Con vittoria di spese da liquidarsi in favore dei procuratori dichiaratisi antistatari”.

L’INPS, cui il ricorso, unitamente al decreto di fissazione dell’udienza, risulta ritualmente notificato, non si è costituito in giudizio.

Con note d’udienza depositate in limine, l’avvocato Elena PETTINAU ha insistito per l’accoglimento del ricorso.

Nell’udienza del 21 novembre 2017, fissata per la discussione della causa, l’avvocato PETTINAU ha dichiarato di rinunciare all’azione con riguardo al ricorrente D., considerato che lo stesso, a differenza degli altri ricorrenti, ha visto la sua pensione liquidata interamente con il sistema retributivo.

In relazione al difetto di legittimazione passiva dell’INPS, prospettato dal giudice per ciò che concerne la posizione del ricorrente M., ha chiesto l’assegnazione di un termine per provvedere all’integrazione del contraddittorio nei confronti del Ministero della giustizia.

Per il resto, ha integralmente confermato le conclusioni formulate con gli atti scritti.

La causa è stata decisa con dispositivo letto in udienza per i motivi di seguito esposti in

DIRITTO

Preliminarmente, va dichiarata l’inammissibilità del ricorso del sig. A. M. per difetto di legittimazione passiva dell’INPS.

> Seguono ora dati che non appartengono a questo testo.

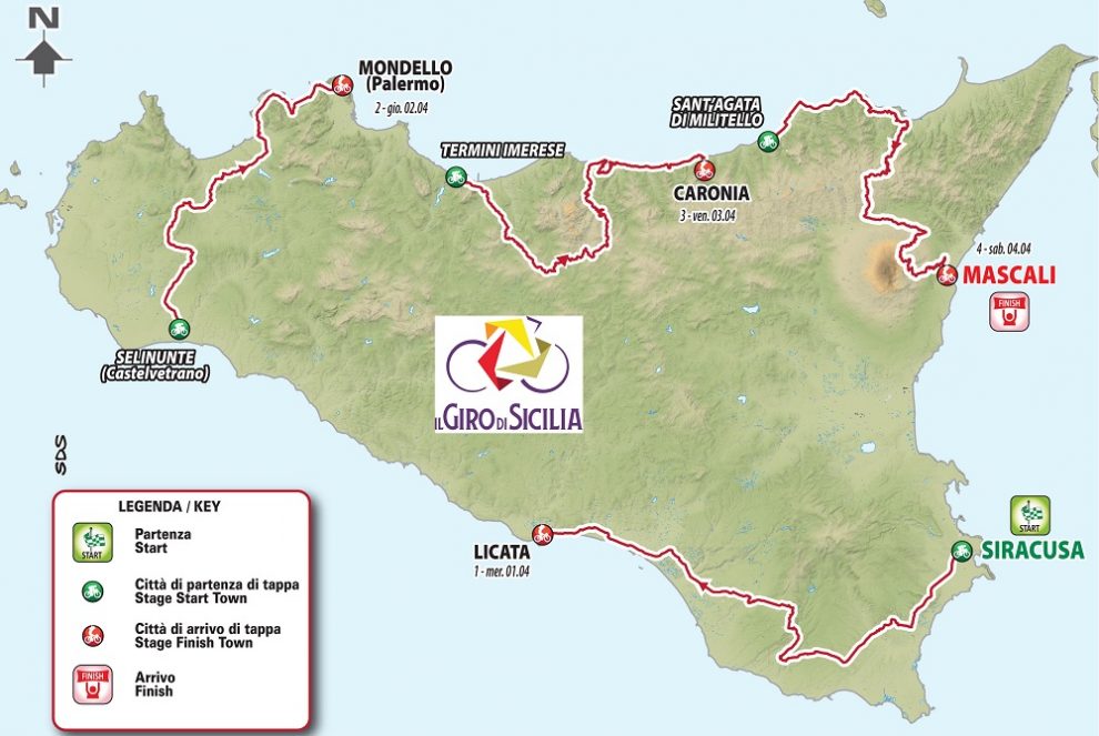 Quattro frazioni dal 1 al 4 aprile con partenza da Siracusa, traguardi a Licata, Mondello, Caronia e Mascali, con la scalata dell’Etna dal versante di Piano Provenzana, lo stesso versante che verrà affrontato dalla Corsa Rosa 2020. Altre partenze da Selinunte, Termini Imerese e Sant’Agata di Militello nell’isola che ospiterà la Grande Partenza della Corsa Rosa nel 2021.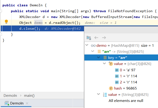 XMLDecoder d = new XMLDecoder(new BufferedInputStream(new FileInputStream("demo.xml")));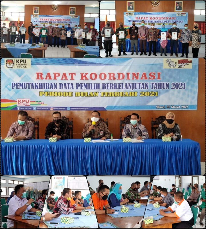 Dalam rapat koordinasi ini, dibacakan hasil Pemutakhiran Data Pemilih Berkelanjutan periode bulan pebruari tahun 2021 oleh Adi Purwanto selaku anggota KPU Kabupaten Tegal divisi Perencanaan, data dan info. Adapun rinciannya sebagai berikut, jumlah potensi pemilih baru laki-laki sejumlah 453 (empat ratus enam lima puluh tiga) orang dan perempuan sejumlah 408 (empat ratus delapan) orang dengan jumlah total 861(delapan ratus enam puluh satu) orang, sedangkan potensi pemilih tidak memenuhi syarat (TMS) laki-laki sejumlah 186 (seratus delapan puluh enam) orang dan perempuan sejumlah 133 (seratus tiga puluh tiga) orang dengan jumlah total 319(tiga ratis sembilan belas) orang, sehingga untuk Daftar Pemilih Berkelanjutan periode bulan pebruari 2021 berjumlah 1.220.641 orang yang terdiri dari laki-laki sebanyak 618.142 orang dan perempuan sebanyak 602.499 orang

Come si evince dagli atti di causa, la pensione del ricorrente, cessato dal servizio dal 17 marzo 2004 (in data precedente, quindi, al passaggio all’INPDAP della competenza ad emettere il provvedimento pensionistico), è stata liquidata con decreto dell’amministrazione di provenienza, ovverosia il Ministero della giustizia.

Poiché l’oggetto del ricorso attiene esclusivamente alla corretta liquidazione del trattamento pensionistico, è di tutta evidenza che il legittimo contraddittore, non vocato in giudizio, avrebbe dovuto essere il Ministero della giustizia e non l’INPS. Né vi è spazio per accedere alla richiesta del difensore di assegnazione di un termine per l’integrazione del contraddittorio, non vertendosi in un’ipotesi di litisconsorzio necessario tra l’amministrazione convenuta e quella rimasta estranea al giudizio.

Sempre in via preliminare, non può essere ritenuta rituale la rinuncia all’azione dichiarata in udienza dall’avvocato PETTINAU con riguardo alla posizione del ricorrente D..

Come è noto, la rinuncia all’azione si configura come riconoscimento dell’infondatezza, nel merito, della domanda proposta ed è per questa ragione che, a differenza della rinuncia agli atti del giudizio, non necessita di accettazione della controparte.

Tuttavia, proprio perché implica disposizione del diritto controverso, il difensore che la dichiara deve essere munito di procura speciale che espressamente gli attribuisca il relativo potere.

Nel caso di specie, la procura rilasciata dai ricorrenti non contiene alcun riferimento a tale potere, non potendosi considerare idonea, al riguardo, la mera clausola di stile del conferimento di “ogni e più ampia facoltà di legge”.

Esaurite le questioni preliminari, può ora passarsi ad esaminare il merito della causa.

I ricorrenti sollecitano la riliquidazione delle rispettive pensioni mediante applicazione delle aliquote di rendimento previste dagli artt. 54 del d.P.R. n. 1092/1973 e 6 della legge n. 1543/1963.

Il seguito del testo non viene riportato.